**Listed entries**
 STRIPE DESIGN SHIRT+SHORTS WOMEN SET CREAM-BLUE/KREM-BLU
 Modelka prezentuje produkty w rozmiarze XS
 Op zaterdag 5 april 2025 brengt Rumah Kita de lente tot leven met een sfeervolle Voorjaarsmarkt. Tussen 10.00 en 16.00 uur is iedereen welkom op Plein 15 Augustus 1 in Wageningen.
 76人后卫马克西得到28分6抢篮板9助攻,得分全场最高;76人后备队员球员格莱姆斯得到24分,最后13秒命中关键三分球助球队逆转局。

* * *

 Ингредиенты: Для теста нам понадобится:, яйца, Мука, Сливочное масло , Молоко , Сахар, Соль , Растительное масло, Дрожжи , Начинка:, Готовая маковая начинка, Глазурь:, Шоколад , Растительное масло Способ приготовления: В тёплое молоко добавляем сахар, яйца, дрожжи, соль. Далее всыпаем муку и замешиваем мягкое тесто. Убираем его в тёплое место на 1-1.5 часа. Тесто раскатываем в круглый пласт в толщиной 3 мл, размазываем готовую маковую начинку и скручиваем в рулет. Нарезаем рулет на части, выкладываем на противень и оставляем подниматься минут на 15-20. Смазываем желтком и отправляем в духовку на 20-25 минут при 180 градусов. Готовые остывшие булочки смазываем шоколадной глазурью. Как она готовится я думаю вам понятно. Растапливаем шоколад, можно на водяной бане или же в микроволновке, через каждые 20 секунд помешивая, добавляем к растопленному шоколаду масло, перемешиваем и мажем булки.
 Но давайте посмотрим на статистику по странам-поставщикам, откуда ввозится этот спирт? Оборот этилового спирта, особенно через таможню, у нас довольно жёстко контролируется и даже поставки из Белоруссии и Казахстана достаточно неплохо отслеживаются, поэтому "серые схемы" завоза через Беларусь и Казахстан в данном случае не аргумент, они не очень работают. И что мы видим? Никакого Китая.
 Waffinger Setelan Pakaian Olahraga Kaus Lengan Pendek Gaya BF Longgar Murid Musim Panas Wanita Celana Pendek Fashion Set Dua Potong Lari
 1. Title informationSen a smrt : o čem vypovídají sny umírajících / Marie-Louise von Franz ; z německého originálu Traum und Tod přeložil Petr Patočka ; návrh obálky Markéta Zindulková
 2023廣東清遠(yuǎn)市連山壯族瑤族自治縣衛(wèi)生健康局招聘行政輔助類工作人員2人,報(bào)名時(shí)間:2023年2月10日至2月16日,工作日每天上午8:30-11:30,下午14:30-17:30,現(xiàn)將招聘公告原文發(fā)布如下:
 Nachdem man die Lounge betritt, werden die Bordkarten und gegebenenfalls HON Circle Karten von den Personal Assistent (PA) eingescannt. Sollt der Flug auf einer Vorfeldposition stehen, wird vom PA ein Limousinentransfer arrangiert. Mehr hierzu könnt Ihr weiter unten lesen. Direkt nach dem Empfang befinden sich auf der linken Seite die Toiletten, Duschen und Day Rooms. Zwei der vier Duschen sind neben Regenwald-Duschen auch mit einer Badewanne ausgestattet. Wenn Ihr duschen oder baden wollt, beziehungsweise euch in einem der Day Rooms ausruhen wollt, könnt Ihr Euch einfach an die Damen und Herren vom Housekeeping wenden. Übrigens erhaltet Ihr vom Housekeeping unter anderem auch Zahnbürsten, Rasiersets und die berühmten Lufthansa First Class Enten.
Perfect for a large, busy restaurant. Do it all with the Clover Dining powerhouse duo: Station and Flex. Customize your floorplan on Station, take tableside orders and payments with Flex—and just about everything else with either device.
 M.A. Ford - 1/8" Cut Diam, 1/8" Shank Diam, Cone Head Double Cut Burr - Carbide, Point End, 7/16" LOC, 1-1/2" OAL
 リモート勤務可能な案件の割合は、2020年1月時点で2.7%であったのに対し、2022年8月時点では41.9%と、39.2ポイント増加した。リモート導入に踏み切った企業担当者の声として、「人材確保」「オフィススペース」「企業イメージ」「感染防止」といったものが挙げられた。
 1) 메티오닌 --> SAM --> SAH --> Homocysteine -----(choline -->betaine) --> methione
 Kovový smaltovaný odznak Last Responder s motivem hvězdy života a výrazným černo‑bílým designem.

**Activity**
From the listing above, output exactly the run of lines that starts with the line containing "STRIPE DESIGN SHIRT+SHORTS" and ends with the line containing "76人后卫马克西得到28分6".

**Response to this exercise**
 STRIPE DESIGN SHIRT+SHORTS WOMEN SET CREAM-BLUE/KREM-BLU
 Modelka prezentuje produkty w rozmiarze XS
 Op zaterdag 5 april 2025 brengt Rumah Kita de lente tot leven met een sfeervolle Voorjaarsmarkt. Tussen 10.00 en 16.00 uur is iedereen welkom op Plein 15 Augustus 1 in Wageningen.
 76人后卫马克西得到28分6抢篮板9助攻,得分全场最高;76人后备队员球员格莱姆斯得到24分,最后13秒命中关键三分球助球队逆转局。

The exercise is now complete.